Text analysis using Python

I wanted to do a quick analysis of word frequency and decided that writing a Python script was the way to go. The main reason to use Python was that I wanted to keep on practicing its use so I do not ‘lose it’; of course I could not remember how to do a few things. For example:

  1. Removing punctuation marks: this involved creating a translation dictionary that mapped one-to-one for all characters (string.maketrans("","") creates an ‘identity’ map) and then dropping punctuation with string.punctuation.
  2. Sorting a dictionary by values (not keys). This one was tricky for me until I found this explanation in Stack Overflow, which creates an ordered list of tuples with keys in the first element and values in the second one: sorted(huck.iteritems(), key=operator.itemgetter(1), reverse = True)

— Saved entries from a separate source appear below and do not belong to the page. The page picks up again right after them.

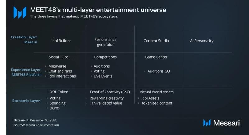 MEET48 has released a research report in collaboration with Messari, outlining its platform architecture, user engagement mechanisms, and on-chain economic design. The report positions MEET48 as an early participant in the emerging AI user-generated content (AIUGC) entertainment sector, combining generative AI, virtual idol creation, and token-based fan participation within a unified ecosystem.
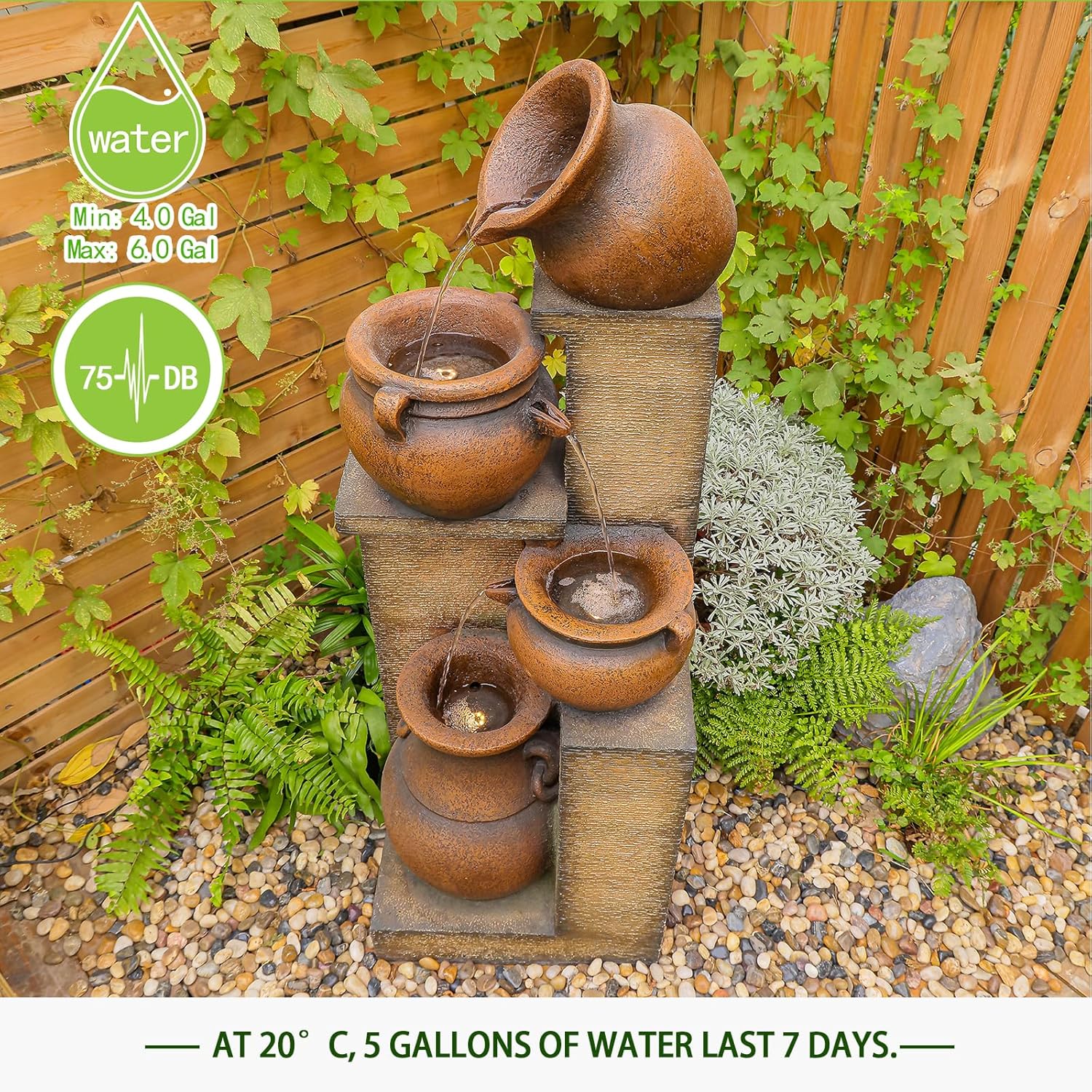 - Durable Design with Safety Guarantee: The Tall garden water fountain is made of High-quality resin materials, which is resistant to heat, wind and rain, without worrying about short-term breakage. UL Certification, 30 Days Hassle-Free Returns, 1-Year Warranty. If You Have Any Problems About The Yard Water Fountain Or Need Any Other Support, Please Feel Free To Contact Us Through Amazon, We Will Respond Within 16 Hours.
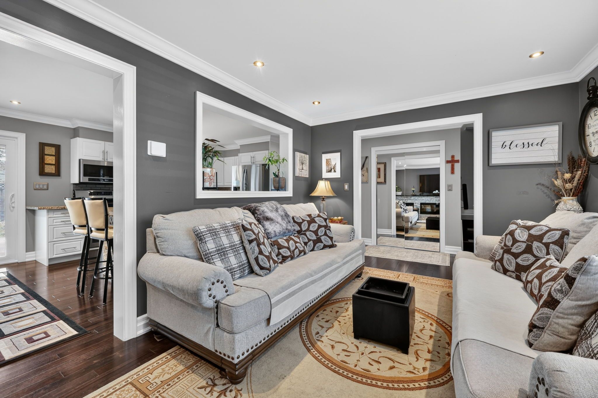 Welcome to 5 jills court! Built in 2015, this beautiful 3-bedroom, 3 bath home offers quality finishes and thoughtful design throughout. Thekitchen and all three bathrooms feature granite countertops, while hardwood and tile flooring run throughout the home, creating a clean andupscale feel. Crown moulding and led pot lights add elegance and modern style throughout. The large heated garage is a standout feature,complete with convenient drive-thru access to the backyard. Outside, you'll find a spacious fully fenced yard and a covered back porch, perfectfor relaxing or entertaining. With separate garage access to two areas of the home and a basement rough-in already in place, this property alsooffers excellent potential for extended family living or a future in-law suite. Ideally located close to the hospital, everyday amenities, and witheasy access to highway 400 and highway 11, this home is a great option for commuters and families alike. Book your showing today!
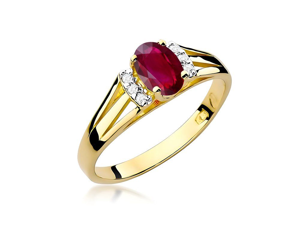 Prsteň s rubínom zo žltého zlata (585/1000) s kameňom 0,60 ct, doplnený 6 diamantmi. Luxusný a výrazný šperk.
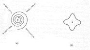 Fig.01 - Colapso do átomo clássico. (a) As teorias de Newton e Maxwell predizem que um elétron atômico que segue uma órbita irradiará continuamente ondas eletromagnéticas, perdendo assim energia e caindo em espiral até o núcleo. (b) A teoria quântica prediz a existência de níveis de energia discretos não radioativos nos quais a onda associada ao elétron precisamente ajusta-se ao redor do núcleo, formando padrões de ondas estacionárias reminescentes das notas num instrumento musical. (A onda deve ajustar-se-á também na direção radial).

In addition, I had never used matplotlib (the scientific graphics library) before. I downloaded a text file with Mark Twain’s ‘The Adventures of Huckleberry Finn’ from Project Gutenberg (called TwainHuckFinn.txt) for the test.

import operator, time, string
import matplotlib.pyplot as plt

folder = '/Users/Luis/Documents/Programming/python-ideas/HuckFinn/'
f = open(folder + 'TwainHuckFinn.txt', 'r')

start = time.time()

huck = {}
for line in f:
    line = line.split()
    for word in line:
        word = word.lower()
        new_word = word.translate(string.maketrans("",""), string.punctuation)
        if new_word in huck:
            huck[new_word] += 1
        else:
            huck[new_word] = 1

sorted_huck = sorted(huck.iteritems(), key=operator.itemgetter(1), reverse = True)
elapsed = time.time() - start

print 'Run took ', elapsed, ' seconds.'
print 'Number of distinct words: ', len(sorted_huck)

# Printing and plotting most popular words
npopular = 50
x = range(npopular)
y = []
for pair in range(npopular):
    y = y + [sorted_huck[pair][1]]
    print sorted_huck[pair]

plt.plot(x, y, 'ro')
plt.xlabel('Word ranking')
plt.ylabel('Word frequency')
plt.show()

Running the program takes less than one second, prints the list of the 50 most common words: (‘and’, 6299), (‘the’, 4949), (‘i’, 3209), (‘to’, 2994), etc. It also creates a plot like so:

Word frequency in Mark Twain Huckleberry Fin Word frequency in Mark Twain’s Huckleberry Fin

By the way, i- the word nigger shows up 150 times and ii- I think it is a crime to change it to water down the book.